ツルゲーネフが「勝ち誇れる恋の歌」を記して130年、
ショソンが「ポエム(詩曲)」を書いて115年、
時は刻々ときざまれてる。
ポエムというよりはドエムかもしれない私は今宵も一人寂しく、
夜食のカップ麺に湯を注ぎ、
砂時計の砂がすべて落ちる3分間を、
まだかまだかと指を咥えて待ってるところである。
はじめまして!
ショーソンのポエムを勉強しているのですが
もしよろしければ詩曲の元となった
ツルゲーネフの「愛の勝利の歌」のお話を
詳しく教えて頂けませんか?
「(拙逐語大意)
что=What,
это=it(ここでは貴殿のご質問を指す),
значило=значить(ズナーチチ=mean)の中性過去形,
неужели же...=could it be...」
「ピェースニ・タルジェストヴーユシシェィ・リュブヴィー」に関して、
無学歴・拙脳な私は現在のところ本文に書いたこと以外には、
その前年に梅毒で亡くなった友人のフロベルに捧げられてる、
ということくらいしか残念ながら持ち合わせておりません。
ちなみに、
ツルゲーネフは脊椎癌がもとで亡くなりましたが、仲良しブループの
ドデもフロベルと同じく梅毒で脊椎をやられてました。
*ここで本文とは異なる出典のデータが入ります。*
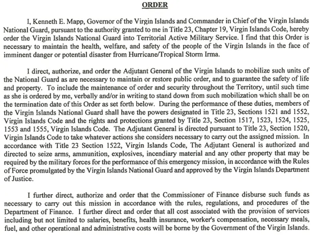 U.S. Virgin Islands Gov. Kenneth Mapp signed an emergency order allowing the seizure of private guns, ammunition, explosives and property the National Guard may need to respond to Hurricane Irma.
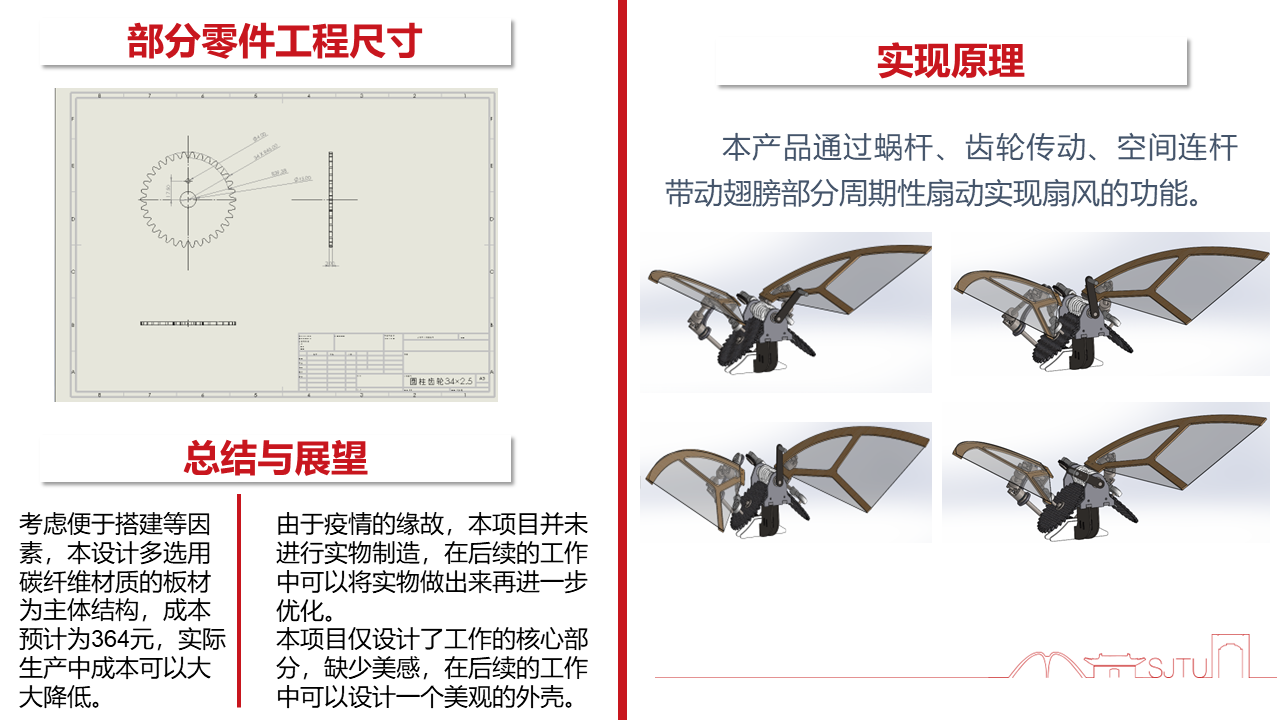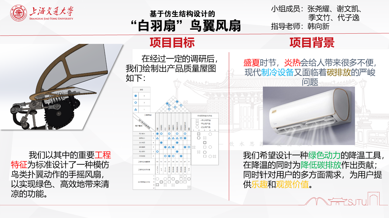 要实现绿色节能的目标,我们希望动力来源是手动;要使得风力大小较大,我们希望通过机械结构设计省力的工作方式,从而花费较小的力气即可产出较大的风;要控制整个产品的噪音大小,我们希望机械结构足够稳固,减少结构的震动、摩擦、形变,尽量保证整体的刚度,减小挠度。此外,我们希望设计出的产品具有一定观赏性,从而更加符合市场的需求。
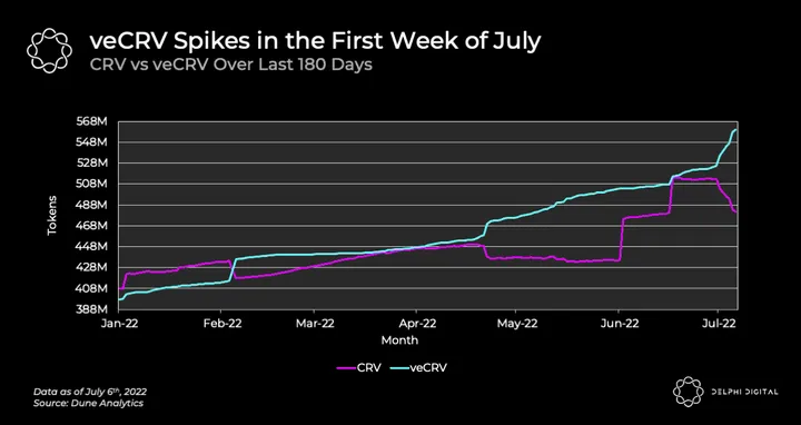 - The average lock rate of veCRV is often a good sentiment indicator for Curve. Because veCRV is held by those with a long-term interest in the protocol, monitoring the accumulation of veCRV and significant unlocks will often bring insight into CRV price movements. In the first week of July, the rate of locked CRV saw a significant increase – as did the price of CRV by 40.7%. This is likely attributed to a recent proposal from Frax.
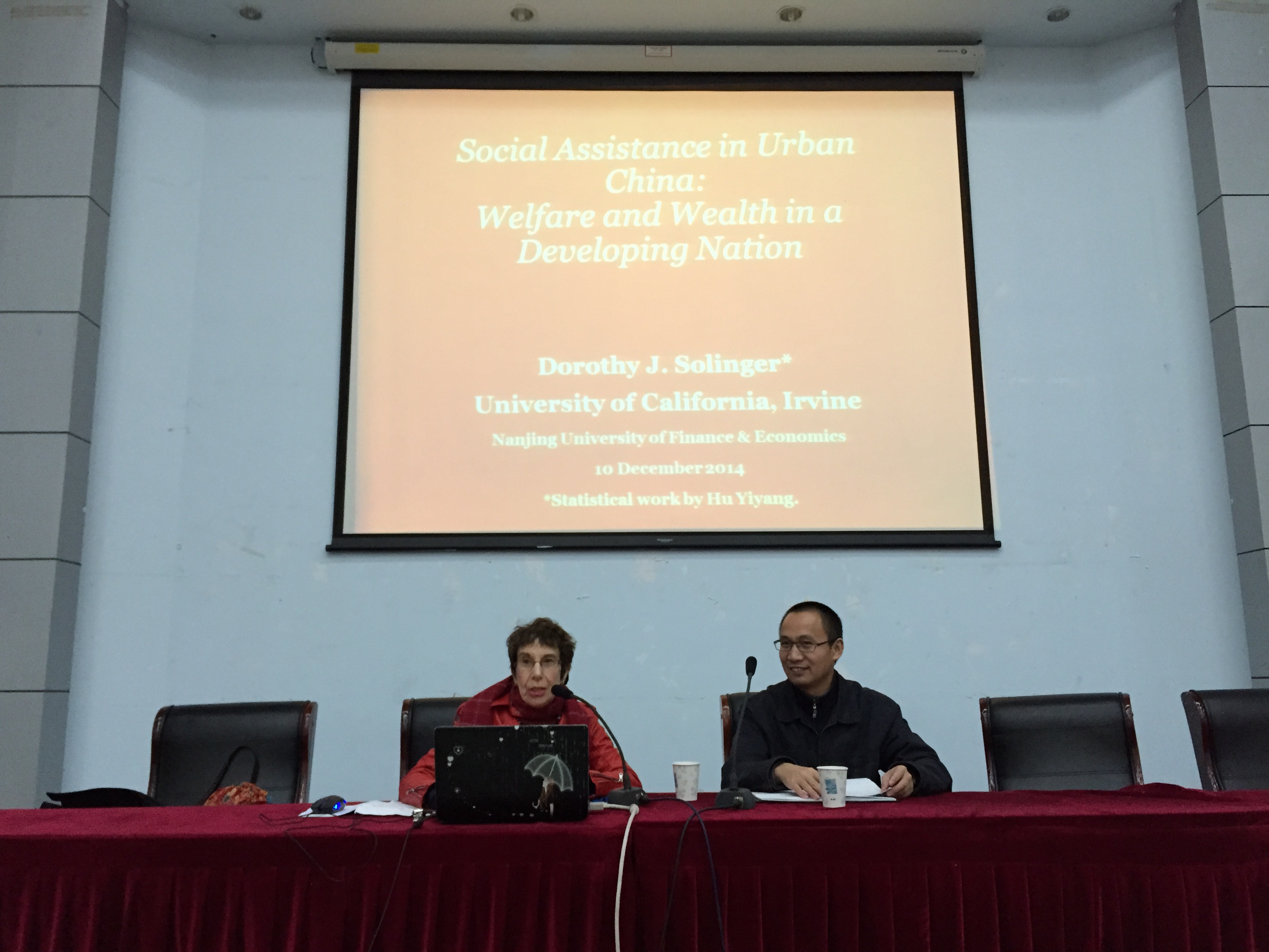 Solinger教授报告的主题是:各地政府如何分配最低生活保障资金。Solinger教授利用中华人民共和国民政部提供的600多个城市微观调查数据和统计年鉴数据,发现了有意思的现象:越是经济发达地区,越有可能将低保资金分配给残疾人和失业人员。Solinger教授认为,这是由于清洁卫生的环境,良好的市容市貌,有利于引进外商直接投资,吸引游客,从而促进经济发展。而对于经济落后地区,由于财政资金的约束,以及吸引外商直接投资和游客的能力弱,更容易导致残疾人和生活困难者在街头谋生,领取低保的居民中残疾人和失业人员的比重低,灵活就业者的比重高。
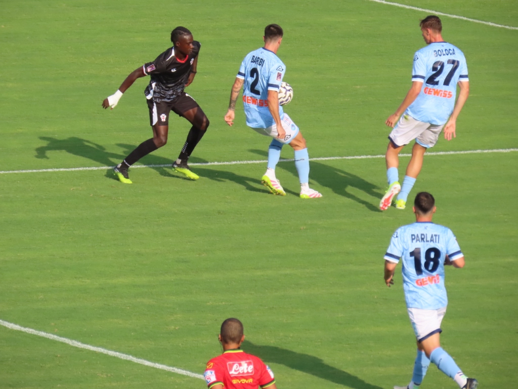 La Pro, al 19’, passa in vantaggio con un’azione fantastica. Akpa Akpro di prima appoggia a Rutigliano che si libera con un numero dell’avversario. Il numero 10 ci prova a giro trovando la parata di Baldi che nulla può sul colpo vincente di A. Sow.
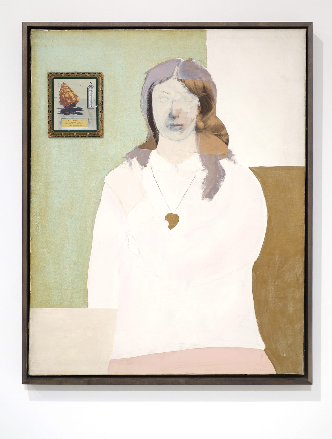 There is a portrait in acrylic and collage called “Untitled (The Locket)” (1967), in which Schneeman depicted his wife Katie the year after they moved to New York and were living in a small apartment on East 7th Street near Tompkins Square Park. According to Katie, he bought the locket in a junk shop across the street for her as a Christmas present. It cost 35 cents. Thinly painted in muted ocher and surrounded by white, reflecting Schneeman’s love of fresco, making the locket the composition’s focus. In the upper left corner Schneeman has affixed a framed holiday greeting from the Casablanca Bar in year 1946, which includes a real thermometer. This too likely came from the junk shop and probably cost less than 35 cents. This is Schneeman’s aesthetic: use whatever is lying around the house. In a country devoted to materialism, Schneeman’s gesture strikes me as radical and rebellious without announcing that fact.
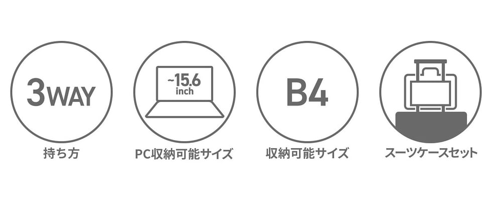 メインルームは、両開きで広げられるスーツケースのようなつくりがポイント。タオルや衣類、B4サイズの書類も楽々収納できる、33Lの大容量設計となっています。アウトスペースには、クッション性を設けたPC収納や、細かなツールの整理に役立つオーガナイザーポケットなど、ビジネス向けの機能も豊富に装備しました。さらに背面には、スーツケースと連結して持ち運べるセットアップ機能を搭載し、旅先や出張先での移動シーンをスムーズにアシストしてくれます。
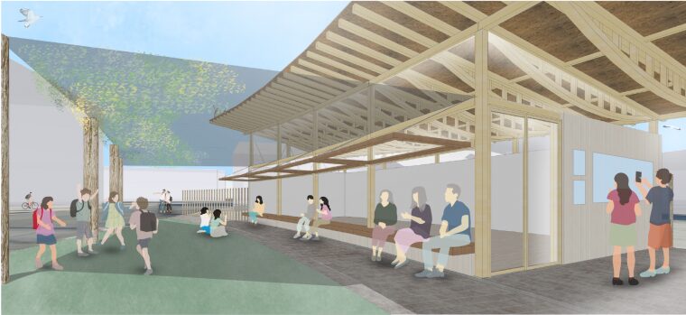 材木町の歴史を感じる丸太と地元の漁師網を活用した日除を設け、風が通り抜ける心地の良い屋外空間が作られます。
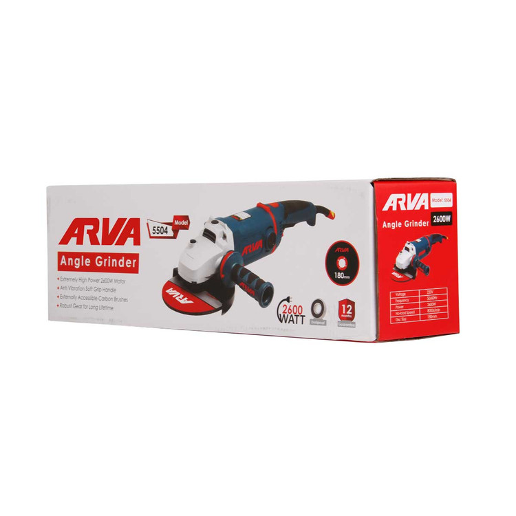 اگر در کارگاه خود با اجسام فلزی و آهنی کار می کنید مسلماً به یک فرز آهنگری پر قدرت و صنعتی نیاز دارید. سنگ فرز آروا ۵۵۰۴ دارای یک موتور قدرتمند و صنعتی است که توان ۲۶۰۰ وات دارد. سرعت بی باری این دستگاه ۸۰۰۰ دور بر دقیقه است و دیسک برش ۱۸۰ میلی متری بر روی آن نصب می شود. تمام بلبرینگ های این سنگ فرز ضد گرد و غبار هستند و سیم این دستگاه تحت استاندارد vde آلمان است تا طول عمر محصول افزایش پیدا کند.
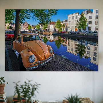 Rapenburg in Leiden mit orangefarbenem Käfer von Dirk van Egmond
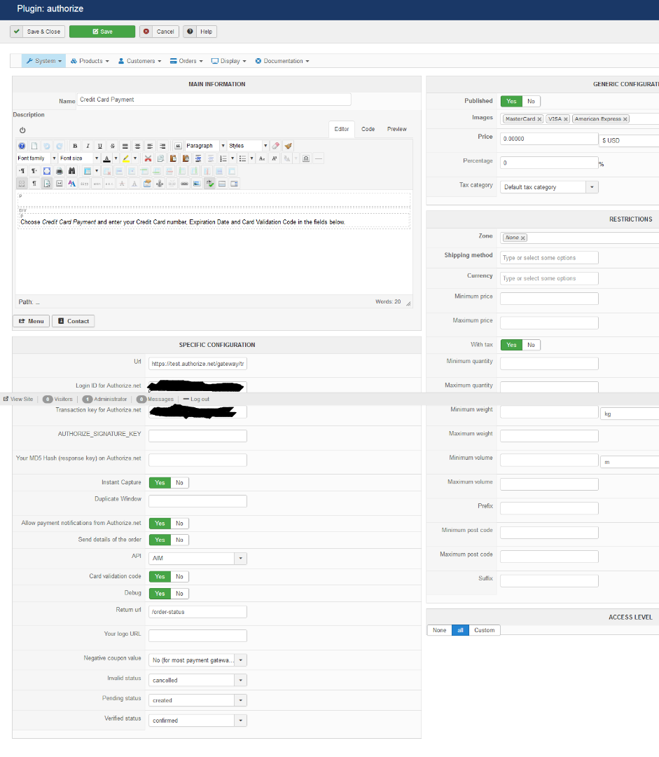 Authorize.net plugin: /order-status
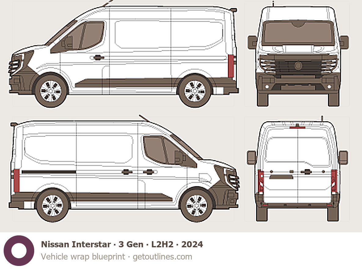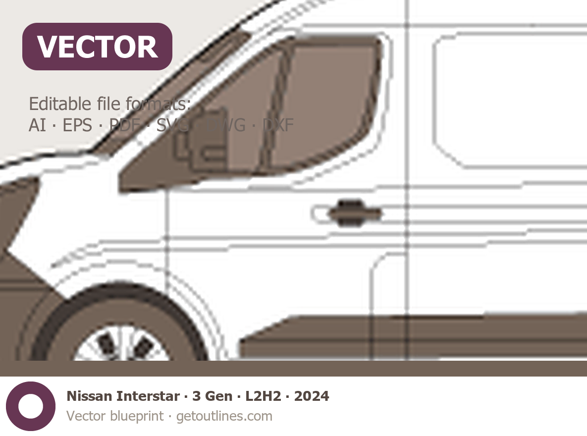 Buy this Nissan Interstar 3 Gen blueprint and line drawing in high-quality editable vector file formats. Best for 3D and car wrap design.
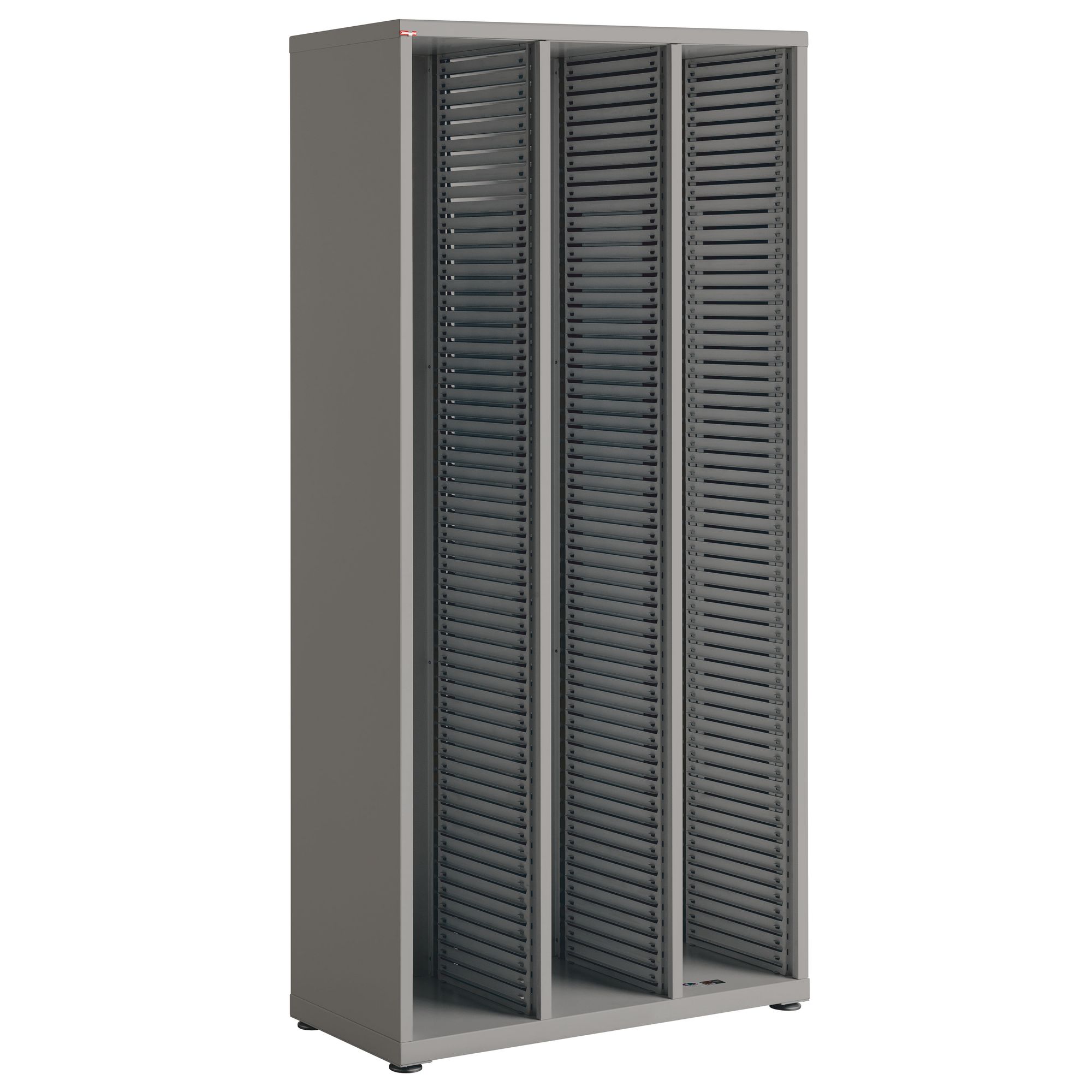 Empty cabinet to be equipped with 6 sets of drawers in antishock polystyrene with labels and label holders. 2 set drawers = 1 column: set of 15 drawers of 6 cm or set of 30 drawers of 3 cm.
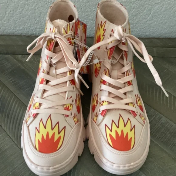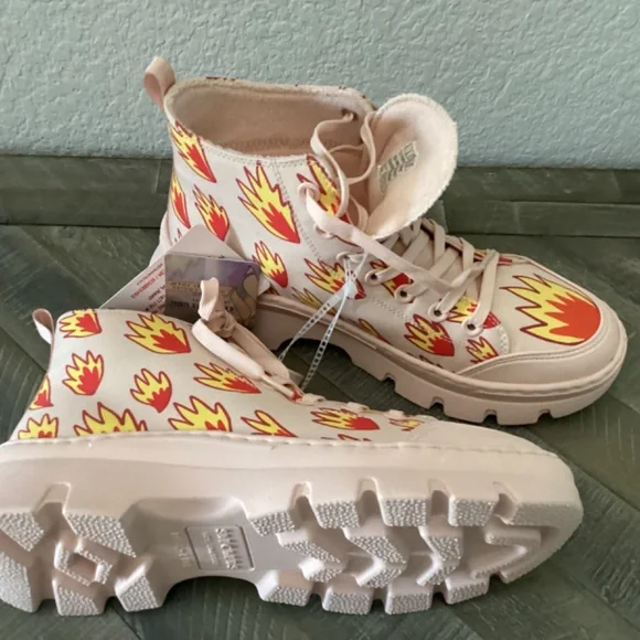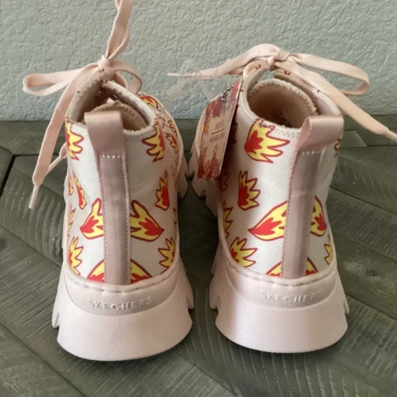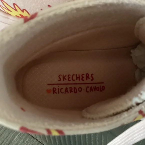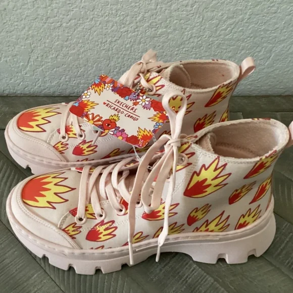 New without box.Elevate your athletic style with these NWT Skechers Women's Ricardo Cavolo: Roadies Surge sneakers. The high top shoe shaft style and lace-up closure provide a secure fit for any activity. The pink flame pattern adds a pop of color to your workout wardrobe. These sneakers feature the Skechers Memory Foam product line and are designed with a standard shoe width. The stylish design and comfortable fit make these shoes perfect for any woman looking for a high-quality athletic shoe.

ともあれ、
「ピェースニ・タルジェストヴーユシシェィ・リュブヴィー」に関して
詳しくはずっと先の出版150年にあたる2031年に書く
ショゾンですので、悪しからずご了承ください。
ショソンのポエムを勉強されてるほどの教養のかたなら、
短編ですから、ご自身で読まれるほうが話が早いでしょう。
この小説の露文も英訳も容易に手に入ります。
手暗がりで探すより簡単です。
♪ソー・ー>レ・・レー・レー│<ファ>ミ・ミー・・●●・●●│
>レー・ーー・・ーー・<ミー│>レ>ド・ドー・・●●・●●│
<ファー・ーー・・ーー・ファー│<ソー・ーー・・●●・>ファー│
>ミー・>ドー・・<レー・>シー│<ドー・ーー・・●●・●●♪
♪ドー・ーー・ドー│>シー・ーー・<ド<レ│
<ミー・ーミ・>レ>ド│ドー・>シー・●●│
<ミー・ーー・>シー│<ドー・ーー・ドー│
<レー・ーレ・>ド>シ│<ドー・ーー・●●♪
この2つのシューベルトの歌曲も参考になるかもしれません。ちなみに、
米国の指揮者だったアルフレッド・ウォーレンスタインは、
三十年戦争のフォン・ヴァレンシュタインの子孫です。